Terms containing ${x}_{3}$

${y}_{1} {x}_{3} - {y}_{2} {x}_{3} \implies {x}_{3} \left({y}_{1} - {y}_{2}\right)$

We now have a formula:

$\frac{1}{2} | \left[{x}_{1} \left({y}_{2} - {y}_{3}\right) + {x}_{2} \left({y}_{3} - {y}_{1}\right) + {x}_{3} \left({y}_{1} - {y}_{2}\right)\right] |$

The absolute bars ensure that the area will be positive, whatever order we take them in.

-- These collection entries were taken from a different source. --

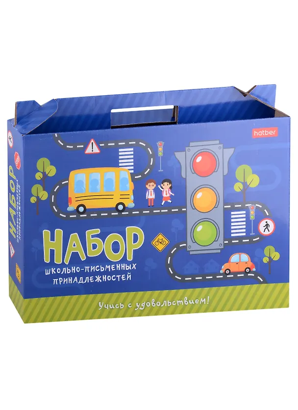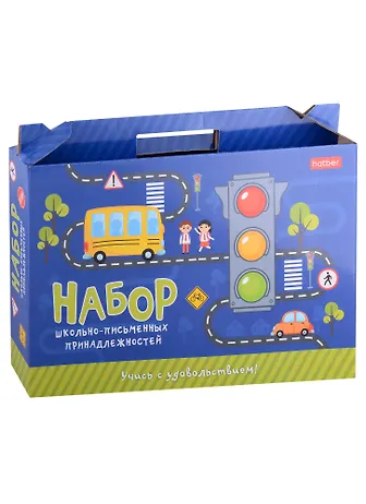 Набор школьно-письменных и канцелярских принадлежностей включает в себя 27 предметов первой необходимости первоклассника и соответствует заявленным требованиям на начальном этапе школьной программы. К набору прилагается список, информирующий о его содержимом.Упаковка: красочно оформленная подарочная коробка-портфель из плотного картона в стрейч-пленке.Набор подходит для выпускников детских садов и первоклассников. Наполнение набора:Доска для лепки-1 шт.Клей-карандаш-1 шт.Ручка шариковая синяя-2 шт.Карандаш чернографитный-2 шт.Точилка-1 шт.Пластилин-1 шт.Набор цветных карандашей-1 шт.Набор фломастеров-1 шт.Ножницы-1 шт. Ластик-1 шт.Краски акварельные, без кисти-1 шт.Альбом для рисования-1 шт.Тетради в клетку-5 шт.Тетради в косую линию-5 шт.Набор бумаги цветной-1 шт.Блокнот для записей-1 шт.Кисть-1 шт.
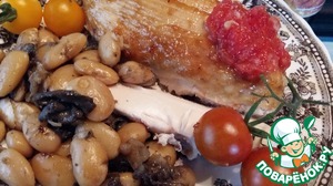 Ингредиенты для «Курица, фаршированная фасолью и грибами»:
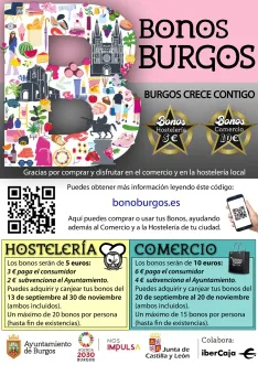 El Ayuntamiento de Burgos ha lanzado dos campañas de bonos al consumo que se podrán adquirir a partir del 13 de septiembre. El objetivo de esta iniciativa es apoyar económicamente y fomentar el consumo de los burgaleses en los sectores del comercio minorista de proximidad y la hostelería de la ciudad, los grupos económicos más afectados por la crisis económica ocasionada por la pandemia de la COVID-19.
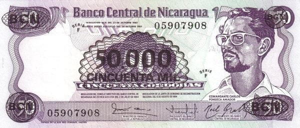 Nicaragua P-148 / 50,000 Cordobas 1987 – UNC
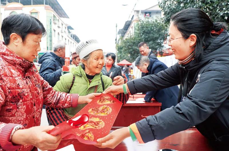 图片四川省华蓥市委依法治市办公室和市老年法治宣讲团、关心下一代工作委员会,联合组织法治宣传志愿者,利用群众较集中的赶场日巡回到各乡镇,通过法治书法作品展、为群众义务书写法治对联、赠送法治年画等形式,宣传法治知识,让在寒冬中的山区群众感受法治文化带来的温暖。图为2020年12月1日,在第七个国家宪法日来临之际,四川省华蓥市法治文化宣传志愿者在高兴镇为赶场的群众赠送对联。人民图片 邱海鹰/摄

This is a much better method than calculating the length of the sides, which invariably will be in surd form, making further calculations difficult. There isn't a lot of information on this and similar methods, and the reason for answering my own question was to show this method. I have to give credit to contributors Dean R and Binyaka C for pointing me in the direction of this and similar methods.

Jun 17, 2018

A triangle with vertices $\left({x}_{1} , {y}_{1}\right) , \left({x}_{2} , {y}_{2}\right)$ and $\left({x}_{3} , {y}_{3}\right)$ has area $S$ given by the Shoelace formula,

$S = \frac{1}{2} | {x}_{1} {y}_{2} - {x}_{2} {y}_{1} + {x}_{2} {y}_{3} - {x}_{3} {y}_{2} + {x}_{3} {y}_{1} - {x}_{1} {y}_{3} |$

We can also write it as

$S = \frac{1}{2} | \left({x}_{1} - {x}_{3}\right) \left({y}_{2} - {y}_{3}\right) - \left({x}_{2} - {x}_{3}\right) \left({y}_{1} - {y}_{3}\right) |$

#### Explanation:

Let's imagine a triangle with vertices $\left(0 , 0\right) , \left(a , b\right) , \left(c , d\right) .$ For now think of $\left(a , b\right)$ and $\left(c , d\right)$ in the first quadrant, $0 < c < a$, $0 < b < d .$

The triangle's area $S$ is the $a \setminus \times d$ rectangle less the three right triangles.

$S = a d - \frac{1}{2} a b - \frac{1}{2} c d - \frac{1}{2} \left(d - b\right) \left(a - c\right)$

$S = a d - \frac{1}{2} \left(a b + c d + a d - c d - a b + b c\right)$

$S = \frac{1}{2} \left(a d - b c\right)$

The area is half the cross product. This is the signed area; if we had taken the points in the other order we'd get negative the area.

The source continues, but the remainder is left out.